Cheryl Gurz, managing director and emerging payments technology segment manager for BNY Mellon's Treasury Services business, participated in the Compliance Forum session at Sibos on Wednesday, October 14. Gurz noted that while virtual currencies have become a financial services reality, they represent a minuscule share of the currencies involved in global transactions.
Even if that share remains small, enthusiasts predict more widespread use of the blockchain technology that supports virtual currencies. Along with that increased use, many claim, will come a major change in the current regulatory and compliance requirements, thanks to the accessibility of transparency of data posted to the ledgers that comprise the blockchain.
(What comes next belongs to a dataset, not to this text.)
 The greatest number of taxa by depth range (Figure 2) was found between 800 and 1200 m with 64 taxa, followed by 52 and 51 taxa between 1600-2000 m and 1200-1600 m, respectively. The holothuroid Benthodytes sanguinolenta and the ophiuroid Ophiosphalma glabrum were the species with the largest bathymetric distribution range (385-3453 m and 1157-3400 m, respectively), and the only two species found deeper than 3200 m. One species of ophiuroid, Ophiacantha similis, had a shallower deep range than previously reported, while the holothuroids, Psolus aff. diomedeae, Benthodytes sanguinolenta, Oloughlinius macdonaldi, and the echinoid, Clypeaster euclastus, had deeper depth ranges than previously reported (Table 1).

Commenting on the topic, Gurz says: "The world's sending a different message and the message can be summarized in three words: 'not so fast.' In the real world, blockchain-based banking services will ultimately be susceptible to the same types of concerns that account for the regulatory and compliance environment in which today's banking industry operates.
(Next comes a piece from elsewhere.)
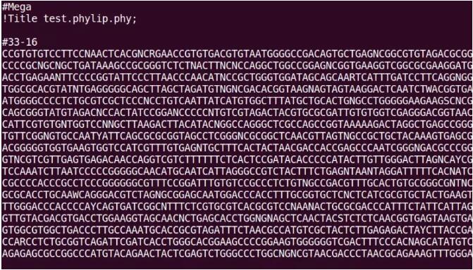 VCF轉MEGA格式。用TASSEL打開VCF文件,另存為Phylip格式(Save As — ?Phylip(Interleaved)),如圖3,然后用MEGA7把Phylip文件轉換成MEGA格式(File — Convert File Format to MEGA — 選擇剛才轉出的Phylip文件按提示操作存成.meg文件),轉出的格式如圖4,前兩行為文件頭信息,無實際意義,但是必有。“#33-16”表示樣本編號,與fasta文件的格式不同,mega格式樣本的起始不是“>”而是“#”,接下來便是該樣本的SNP連接成的序列信息。

"The emergence of virtual currencies has been a remarkable phenomenon. One of the reasons they've attracted so much attention is that they are built on blockchain technology, which provides an unprecedented level of transparency," adds Gurz.
"But it's important to recognize that investment and banking activity takes place in layers, and new technologies aren't going to make the regulatory and compliance concerns present at each layer go away. We're likely to see the roles of service providers at the various layers change as innovation makes information more accessible and transparent. But the ultimate drivers for regulatory and compliance activity are rooted in public policy and political considerations that will persist regardless of the direction new technology takes," says Gurz.